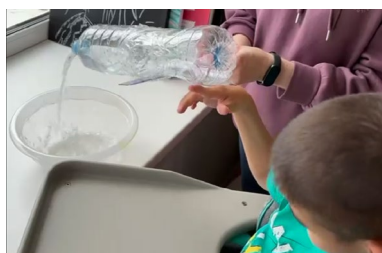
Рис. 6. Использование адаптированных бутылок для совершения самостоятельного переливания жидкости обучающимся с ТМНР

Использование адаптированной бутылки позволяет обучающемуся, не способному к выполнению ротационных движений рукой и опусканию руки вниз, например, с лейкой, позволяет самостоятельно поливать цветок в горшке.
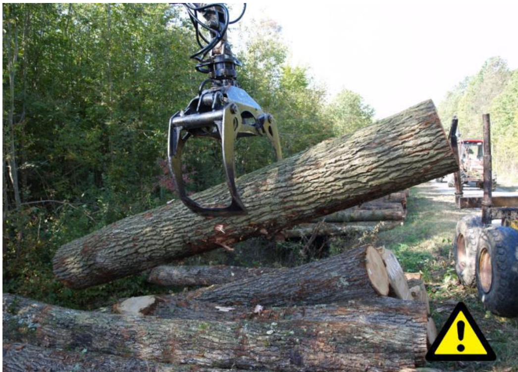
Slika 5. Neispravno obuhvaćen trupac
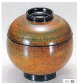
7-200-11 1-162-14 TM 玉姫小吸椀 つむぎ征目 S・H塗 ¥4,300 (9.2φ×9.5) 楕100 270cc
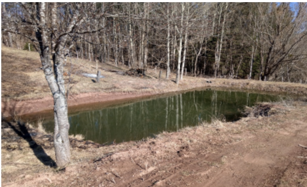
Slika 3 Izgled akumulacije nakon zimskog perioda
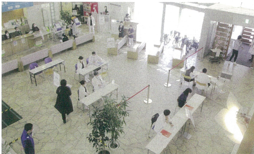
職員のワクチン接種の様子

--

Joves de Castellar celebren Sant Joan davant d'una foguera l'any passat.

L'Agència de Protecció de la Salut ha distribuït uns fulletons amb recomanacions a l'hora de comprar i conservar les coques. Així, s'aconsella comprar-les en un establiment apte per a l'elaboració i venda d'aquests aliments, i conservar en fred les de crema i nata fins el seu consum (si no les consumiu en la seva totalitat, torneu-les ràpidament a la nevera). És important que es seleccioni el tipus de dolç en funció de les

== PROBLEM DESCRIPTION ==
Extract from the material above the stretch running from the line containing "Slika 5. Neispravno obuhvaćen trupac" through the line containing "職員のワクチン接種の様子". Keep the text exact and the pictures out.

== WORKED SOLUTION ==
Slika 5. Neispravno obuhvaćen trupac
7-200-11 1-162-14 TM 玉姫小吸椀 つむぎ征目 S・H塗 ¥4,300 (9.2φ×9.5) 楕100 270cc
Slika 3 Izgled akumulacije nakon zimskog perioda
職員のワクチン接種の様子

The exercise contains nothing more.